[openstack-dev] [all][tc] final stages of python 3 transition
Doug Hellmann
doug at doughellmann.com
Mon Apr 30 15:02:34 UTC 2018
Excerpts from Clark Boylan's message of 2018-04-26 11:22:15 -0700:
> On Thu, Apr 26, 2018, at 7:27 AM, Sean McGinnis wrote:
> > On Wed, Apr 25, 2018 at 04:54:46PM -0400, Doug Hellmann wrote:
> > > It's time to talk about the next steps in our migration from python
> > > 2 to python 3.
> > >
> > > [...]
> > >
> > > 2. Change (or duplicate) all functional test jobs to run under
> > > python 3.
> >
> > As a test I ran Cinder functional and unit test jobs on bionic using 3.6. All
> > went well.
> >
> > That made me realize something though - right now we have jobs that explicitly
> > say py35, both for unit tests and functional tests.

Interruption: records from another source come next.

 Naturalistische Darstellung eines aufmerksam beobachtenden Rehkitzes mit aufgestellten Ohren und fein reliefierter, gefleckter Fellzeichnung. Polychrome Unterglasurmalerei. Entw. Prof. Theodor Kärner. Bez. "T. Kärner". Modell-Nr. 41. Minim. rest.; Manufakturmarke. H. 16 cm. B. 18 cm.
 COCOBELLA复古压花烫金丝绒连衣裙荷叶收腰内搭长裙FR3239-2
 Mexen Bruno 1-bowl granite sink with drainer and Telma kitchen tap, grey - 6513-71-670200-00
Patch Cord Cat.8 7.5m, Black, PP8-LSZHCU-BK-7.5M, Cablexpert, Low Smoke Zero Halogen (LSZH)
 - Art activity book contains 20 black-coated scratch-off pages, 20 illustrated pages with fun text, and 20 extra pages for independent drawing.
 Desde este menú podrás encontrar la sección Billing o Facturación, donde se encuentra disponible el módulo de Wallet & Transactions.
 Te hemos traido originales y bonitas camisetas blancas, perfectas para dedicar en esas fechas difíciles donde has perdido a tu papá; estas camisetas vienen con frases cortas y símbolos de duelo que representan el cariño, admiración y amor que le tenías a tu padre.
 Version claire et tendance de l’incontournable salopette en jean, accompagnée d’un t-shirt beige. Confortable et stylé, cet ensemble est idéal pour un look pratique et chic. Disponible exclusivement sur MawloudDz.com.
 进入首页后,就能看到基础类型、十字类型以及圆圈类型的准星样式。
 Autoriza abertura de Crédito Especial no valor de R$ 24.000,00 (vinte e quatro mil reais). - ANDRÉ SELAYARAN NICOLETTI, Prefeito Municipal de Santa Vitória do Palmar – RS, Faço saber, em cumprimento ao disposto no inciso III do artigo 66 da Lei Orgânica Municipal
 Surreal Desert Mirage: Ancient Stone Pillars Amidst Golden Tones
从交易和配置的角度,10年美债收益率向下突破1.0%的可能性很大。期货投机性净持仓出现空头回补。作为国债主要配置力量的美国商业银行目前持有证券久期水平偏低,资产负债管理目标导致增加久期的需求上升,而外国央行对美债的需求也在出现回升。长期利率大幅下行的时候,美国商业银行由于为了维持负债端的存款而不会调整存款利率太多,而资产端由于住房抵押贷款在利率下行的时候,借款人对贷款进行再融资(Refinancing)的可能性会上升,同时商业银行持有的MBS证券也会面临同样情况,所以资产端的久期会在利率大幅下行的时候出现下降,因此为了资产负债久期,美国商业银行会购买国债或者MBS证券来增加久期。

But I realized setting up
> > these test jobs that it works to just specify "basepython = python3" or run
> > unit tests with "tox -e py3". Then with that, it just depends on whether the
> > job runs on xenial or bionic as to whether the job is run with py35 or py36.
> >
> > It is less explicit, so I see some downside to that, but would it make sense to
> > change jobs to drop the minor version to make it more flexible and easy to make
> > these transitions?
>
> One reason to use it would be local user simplicity. Rather than need to explicitly add new python3 releases to the default env list so that it does what we want every year or two we can just list py3,py2,linters in the default list and get most of the way there for local users. Then we can continue to be more specific in the CI jobs if that is desirable.
>
> I do think we likely want to be explicit about the python versions we are using in CI testing. This makes it clear to developers who may need to reproduce or just understand why failures happen what platform is used. It also makes it explicit that "openstack runs on $pythonversion".
>
> Clark
>
Including support for local users to refer to "py3" makes sense, as long
as we don't come to rely on it in CI. Users can also always be more
explicit if they need to be when running tests locally.